Breach of Contract

Notes:Contract Notescontractnotesmhage-1.doc

Warranty or Condition as a breach of contract

 

A breach of contract occurs when one party to the contract fails or states that he will fail to perform part or all of his side of the bargain.

 

The law decides whether a breach of contract is serious enough by deciding which type of term in the contract has been broken. A term in a contract is known as either a condition or a warranty.

 

A term which can be either a condition or a warranty depending on the nature of the failure is known as an innominate term.

 

If the breach has serious consequences for the innocent party the C will have the choice of ending or continuing with the contract, as well as claiming damages. This would be regarded as a breach of a condition of the contract. A condition is a term of the contract that goes to the heart of the contract. For example, if I rent a car, one term of the contract that will be a condition is that the car will actually go and stop. If it does not, then clearly I would want to end the contract and either rent a different car or go elsewhere. The failure to provide a car that goes and stops would be a breach of condition of a contract and I would be entitled to treat the contract as ended.

Where the breach is only trivial, the innocent party must continue with the contract, although he can claim damages for any losses. This is a warranty. A warranty is a term that if broken if it is broken, loss will result, but the main purpose of the contract will still be achieved. For example, If I rent a car and the rental company offers me one which has a CD changer if the CD changer does not work I will still have a useable car, but would expect to pay less and to be compensated for any CD of mine that I loaded that could not be recovered from the broken changer. This would be a warranty and I would have to continue with the contract, but would expect compensation for my lost CD and perhaps very minor compensation for the car not having a CD changer.

 

Actual breach and anticipatory breach of a contract.

 

Breach of contract can occur in two ways: actual breach and anticipatory breach. Actual breach occurs either through poor performance of the contract, where there is performance of the contract but the work is done badly or the goods are substandard, or by non-performance where the work is not done or the goods is not provided at all.
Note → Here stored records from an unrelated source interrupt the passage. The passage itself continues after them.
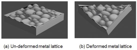 (a) The sensor’s metal lattice before thermal stresses; (b) the sensor’s metal lattice deformed by the thermal stresses. Metal grains are displaced with respect to the original placement, causing hysteresis in the measurements.
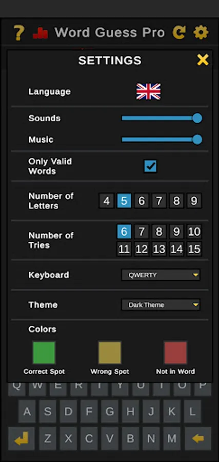 Word Guess Pro is a multilingual word game where you are given a hidden word to guess in 6 or more tries depending on the settings you applied.
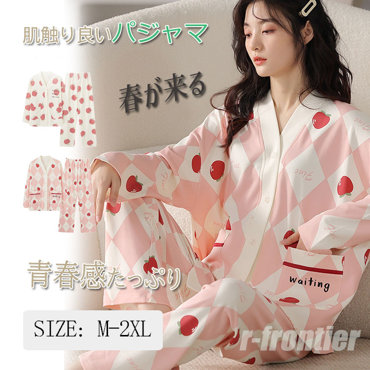 パジャマ レディース 春 長袖 綿 前開き ルームウェア 上下セット 部屋着 寝巻き 吸汗 可愛い パンダ柄 韓国風 出かける
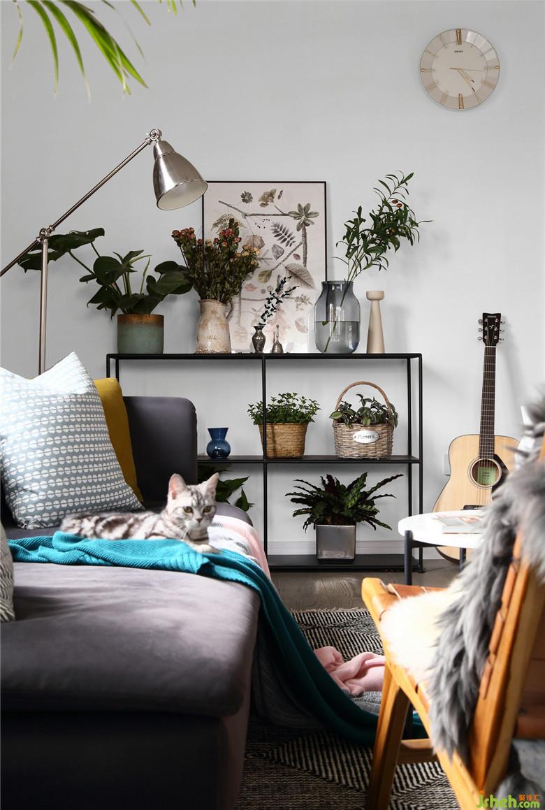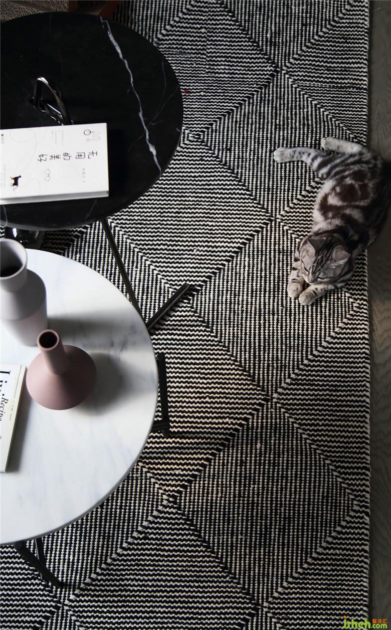 ▲在這個面積并不開闊的空間里,室內(nèi)設(shè)計(jì)師將不同的元素進(jìn)行著比對,而黑色金屬線條的置物架,不僅滿足了展示收納功能,也不顯得空間擁擠,恰到好處的交織出奇妙的平衡感。屋主夫婦的內(nèi)心一定是柔軟而充滿童趣的,粉色木馬仿佛回到了童年,彈著木吉他,有一只他和她的貓。
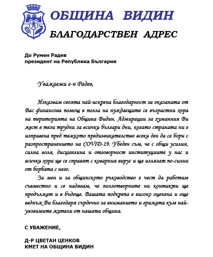 "За разлика от депутати и министри, които възнамеряват да дадат заплатите си към края на извънредното положение, аз го направих в началото. Преди половин месец си дадох заплатата на възрастните хора от Видин. Уважаеми народни представители, за мен дарението е личен акт, ако много държите да се равнявате по президента, има лесно решение – кръгом и бегом към месец март!"
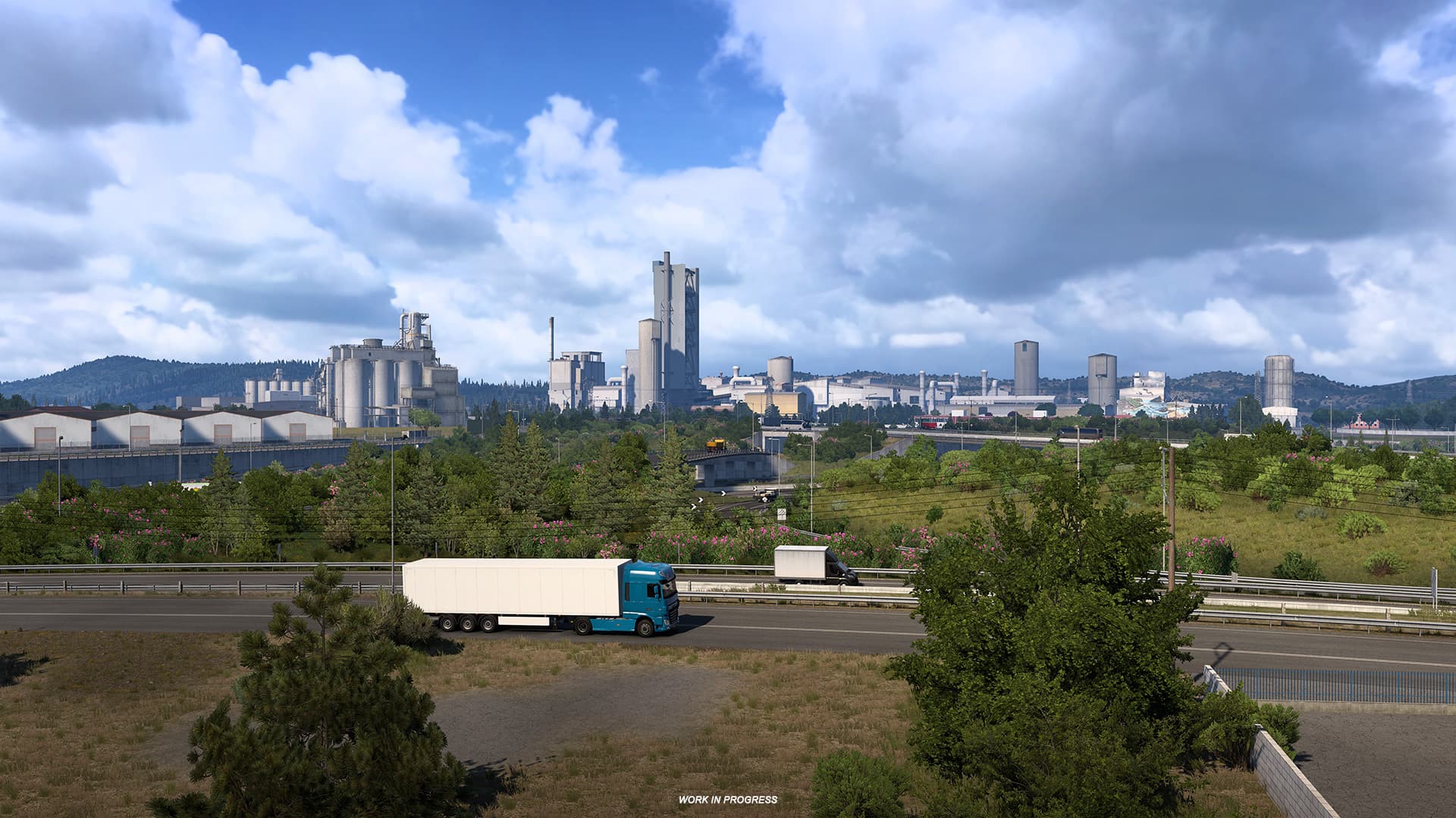 На этот раз в центре внимания оказался цементный завод в Салониках, втором по величине городе Греции. Завод был построен в 1962 году и играет важную роль в местной экономике, обеспечивая сотни рабочих мест. Это довольно большой завод, поэтому при доставке грузов в Euro Truck Simulator 2 можно будет увидеть его издалека из разных точек дорожной сети.
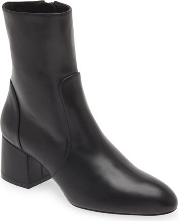 A side zipper offers easy entry on a versatile bootie balanced by an almond toe and flared block heel.

For actual breach it will depend on whether the breach is a condition or a warranty as to what the C can claim as damages. You must refer to the notes on condition and warranty.

 

Anticipatory breach occurs where one party to the contract states or otherwise indicates that there will not be performance of the contract. This is usually that goods or services will not be provided

 

If an actual or anticipatory breach of contract takes place the person affected can start legal action under the contract.

Issue

Case Name

Facts

Legal point

Condition

Actual Breach

Poussard v Spiers and Pond

Opera singer made a contract to sing in an opera. She failed to attend the first six performances and was replaced for the entire run of the opera. She could only be replaced if her failure to attend was a breach of condition.

Poussard’s inability to sing the lead role in an opera for the first six days of performances was a breach of condition. The opera promoter was therefore able to end the contract and replace the singer.

Warranty

Actual Breach

Bettini v Gye

An opera singer made a contract to perform from March to July and was also required to attend six days before performances for rehearsals. He failed to attend the first two days of rehearsals. The promoters wanted to replace the singer for the actual performances but could only do this if the rehearsals were a condition of the contract.
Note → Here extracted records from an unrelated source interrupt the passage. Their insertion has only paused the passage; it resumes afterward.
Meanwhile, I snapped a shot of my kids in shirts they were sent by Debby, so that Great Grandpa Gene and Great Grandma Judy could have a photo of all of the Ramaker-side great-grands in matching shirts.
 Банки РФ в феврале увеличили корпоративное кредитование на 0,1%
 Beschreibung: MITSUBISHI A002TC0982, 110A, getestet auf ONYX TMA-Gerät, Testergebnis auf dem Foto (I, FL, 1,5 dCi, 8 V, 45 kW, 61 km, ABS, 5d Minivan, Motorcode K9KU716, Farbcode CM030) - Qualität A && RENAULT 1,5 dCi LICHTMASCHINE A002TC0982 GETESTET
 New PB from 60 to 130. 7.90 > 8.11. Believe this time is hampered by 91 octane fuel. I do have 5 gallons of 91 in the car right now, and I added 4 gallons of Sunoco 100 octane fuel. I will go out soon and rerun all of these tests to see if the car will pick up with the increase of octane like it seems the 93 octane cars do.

This was considered to be a warranty as it was only for part of the rehearsal, not the performances, so the singer could not be replaced without the opera company breaking their contract.

Type of Breach

Case Name

Facts

Legal point

Anticipatory breach

of a condition

Hochster v De La Tour

A tour guide was told that his services would not be required despite the contract for him to work in two months' time.
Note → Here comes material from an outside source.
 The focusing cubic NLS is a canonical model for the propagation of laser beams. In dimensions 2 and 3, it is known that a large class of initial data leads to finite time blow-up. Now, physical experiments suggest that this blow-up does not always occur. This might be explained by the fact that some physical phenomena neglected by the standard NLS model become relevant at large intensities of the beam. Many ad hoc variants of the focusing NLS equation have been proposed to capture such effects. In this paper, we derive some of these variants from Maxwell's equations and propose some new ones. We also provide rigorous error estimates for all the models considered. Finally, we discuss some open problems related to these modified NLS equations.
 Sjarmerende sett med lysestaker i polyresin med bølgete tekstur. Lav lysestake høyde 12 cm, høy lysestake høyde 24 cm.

The court decided this was anticipatory breach as the tour guide’s contract had not ended. Here the guide has a choice: he could wait and see if the guide work was in fact wanted after all on the due dates, or treat the contract as ended and take immediate legal action to recover damages for his loses.

Anticipatory of

a condition

Avery v Bowden 1855

A case involving an agreement to supply a cargo for a ship at a port in Russia. The claimant was advised that the cargo would not be supplied.

The court decided this was anticipatory breach. However as the C decided the wait until the end of the agreement expired before claiming damages the Crimean war with Russia then made the contract unenforceable.